2. Architecture (with Data Flow)
Data flow overview
| Stage | Task | Iterations | Polarization mechanism |
|---|---|---|---|
| Pass 1 | Geometric search (V2-C) | 24 GRU iters | Pol Volume injected into correlation space; per-iteration scheduling alpha = i/(iters-1) |
| Between | warp + normalized contrast + PolEncoder | — | Produces pol_feat |
| Pass 2 | Pol-aware context refinement | 6 GRU iters (GRU₂ ≠ GRU₁) | Additive context injection, controlled by PIW |
3. Components and Modules
3.1 Pass 1: V2-C (gradient gating + scheduled residual)
- 24 GRU iterations.
- Polarization is injected directly into the correlation space via Pol Volume, so Pass 1 itself has no Oracle-Real Gap.

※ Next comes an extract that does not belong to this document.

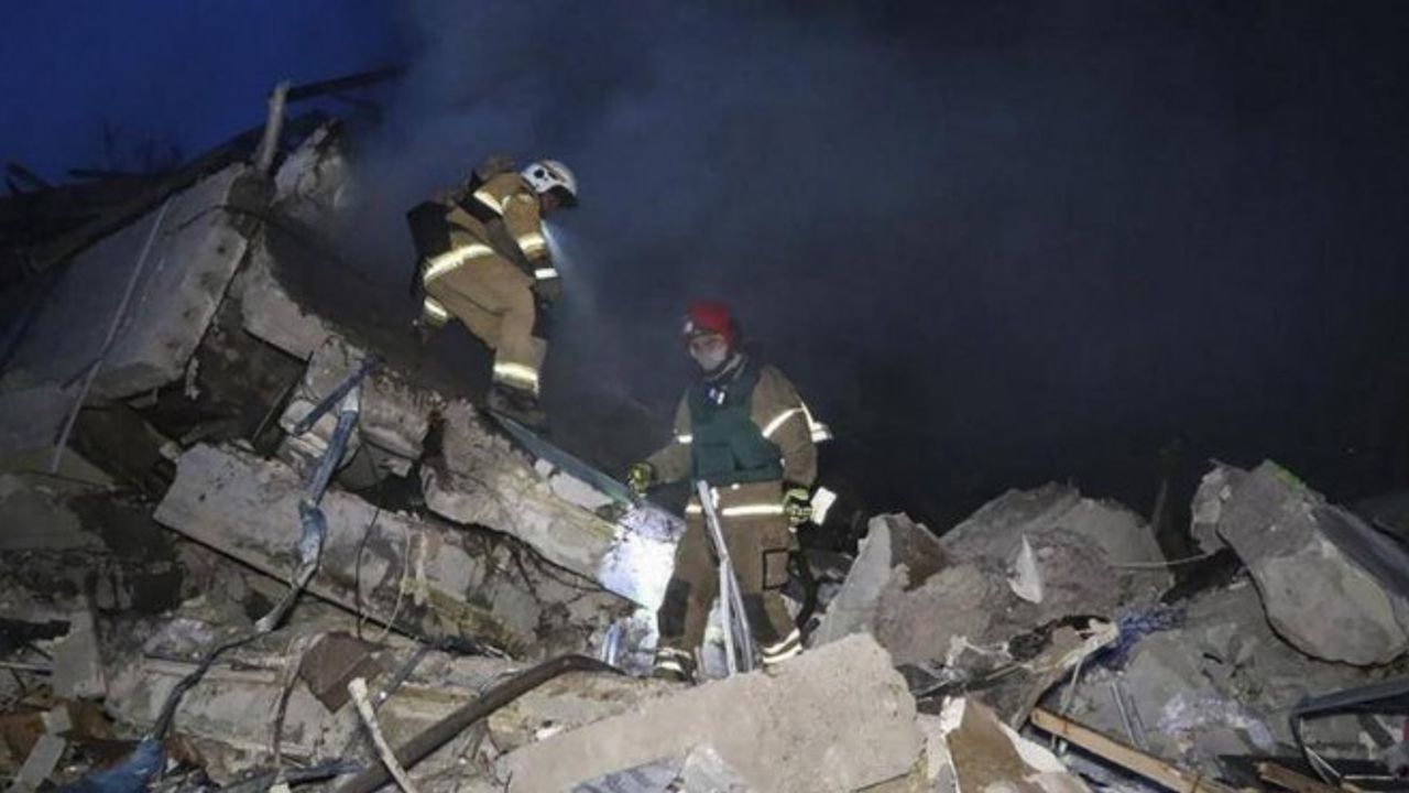 Ukrayna Devlet Başkanı Volodomir Zelenski tarafından paylaşılan videoda arama kurtarma çalışanlarının iki katlı bir binanın enkazında çalışmalar yaptığı görülüyor.
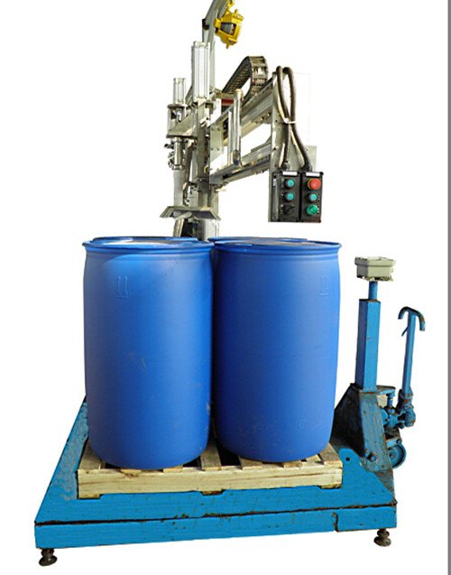 人工移动灌嘴,移动到桶口,定位,给启动灌装信号。

- Per-iteration scheduling:
alpha = i / (iters - 1), linearly ramped from 0 to 1 across iterations, always fully on, unaffected by PIW.
3.2 Between: polarization extraction chain
Data flow: disp₁ → warp → normalized contrast → PolEncoder → pol_feat.
- Warp right to the left viewpoint using disp₁.
- Compute normalized contrast.
- Encode it via PolEncoder into
pol_feat.
3.3 Pass 2: Pol-aware Context Refinement
- 6 GRU iterations, using GRU₂ (weights independent from GRU₁).
- Additive context injection:
context₂ = cnet(left) + PIW * Wc(pol_feat)hidden₂ = cnet_h(left) + PIW * Wh(pol_feat)
3.4 PIW (pol_inject_warmup)
- Linearly ramps from 0 to 1 over 5000 steps.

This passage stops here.